Search code examples
mysqlmysql-json

Select rows with specific value in JSON column


I have a column in MySQL which has an array of JSON with multi objects, this is one of its values:

[
    {
        "date": "2014-01-17T00:00:00.000Z",
        "price": "56.89845204047926330304107978008687496185302734375",
        "total": "105774.2223432509504803533673",
        "amount": 1859,
        "symbol": "fb",
        "transaction_code": "buy"
    },
    {
        "date": "2015-04-20T00:00:00.000Z",
        "price": "121.497274059658224132363102398812770843505859375",
        "total": "962865.8969227914262489775865",
        "amount": 7925,
        "symbol": "aapl",
        "transaction_code": "buy"
    },
    {
        "date": "2013-11-06T00:00:00.000Z",
        "price": "49.18047492858931235559794004075229167938232421875",
        "total": "330738.6938947631255913961468",
        "amount": 6725,
        "symbol": "fb",
        "transaction_code": "sell"
    }
]

I want to extract objects with "transaction_code": "sell" and find the average price of them.


Solution

  • In MySQL 8.0, you can use the JSON_TABLE() function to transform the data so you can apply a WHERE clause to it.

    SELECT AVG(j.price)
    FROM mytable CROSS JOIN JSON_TABLE(mytable.example_json, '$[*]' COLUMNS(
        date DATETIME PATH '$.date',
        price DOUBLE PATH '$.price',
        total DOUBLE PATH '$.total',
        amount INT PATH '$.amount',
        symbol VARCHAR(10) PATH '$.symbol',
        transaction_code VARCHAR(10) PATH '$.transaction_code'
      )
    ) AS j
    WHERE j.transaction_code = 'sell';
    

    This works all right, but it will be bound to have poor performance, and it's more work to write the code every time you want to do this.

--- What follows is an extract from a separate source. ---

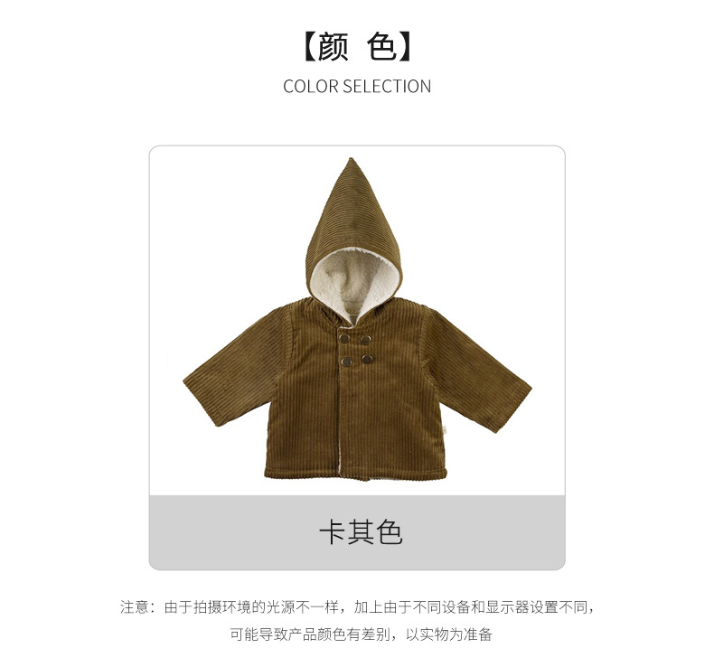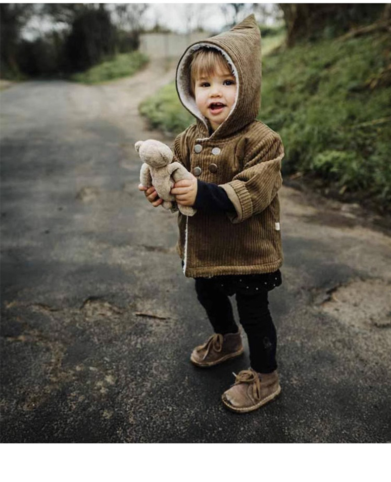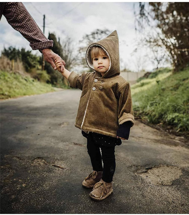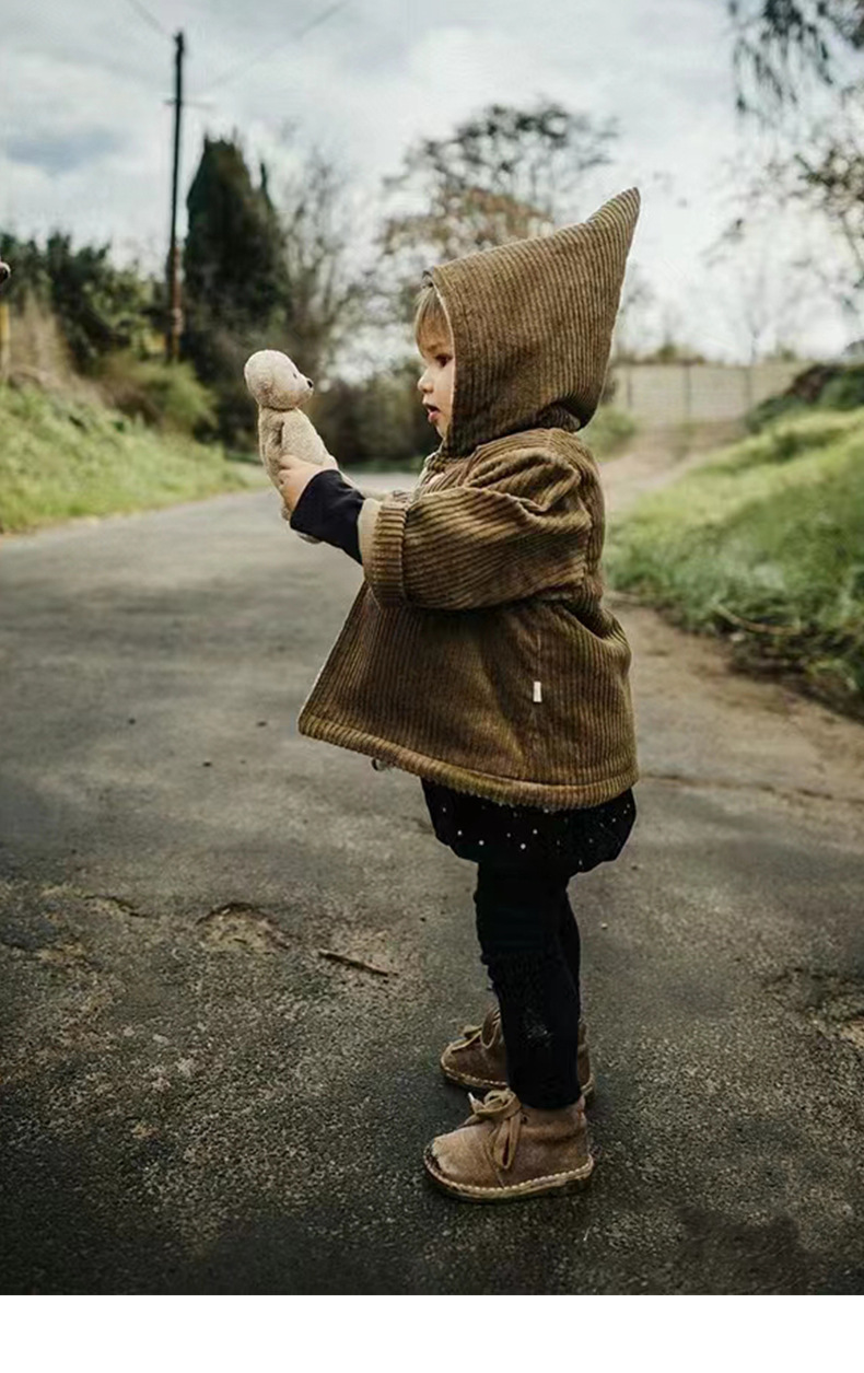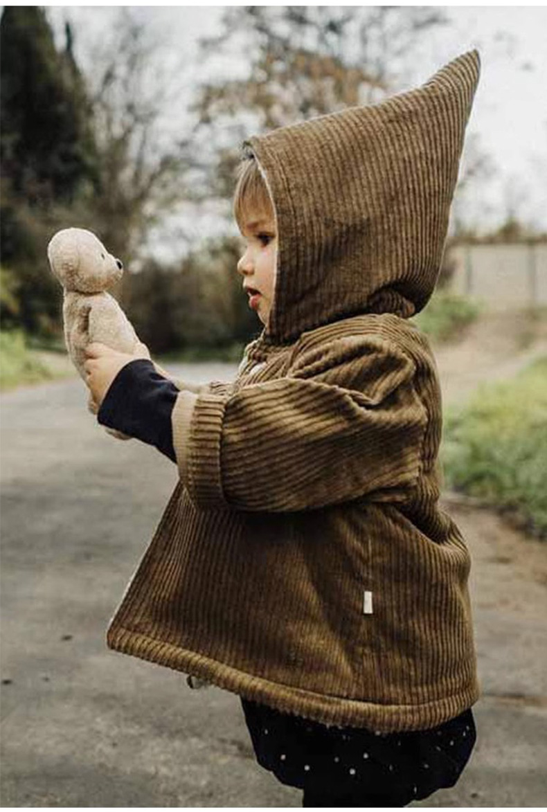 어린이 복고풍 따뜻한 의류 기모 2023 유럽과 미국 가을과 겨울 아기 후드 코듀로이 코트

    In versions of MySQL before 8.0, you're out of luck. Fetch the whole JSON document into a client application, deserialize it into a data structure, and write custom code to loop over it.

    It would be better to talk to whomever decided to use JSON to store this data, and convince them to use normal rows and columns. The queries will be easier, and you can create indexes to optimize them.

    Also use the DECIMAL type for currency values, not DOUBLE. No one wants to make exact change for 56.89845204047926330304107978008687496185302734375!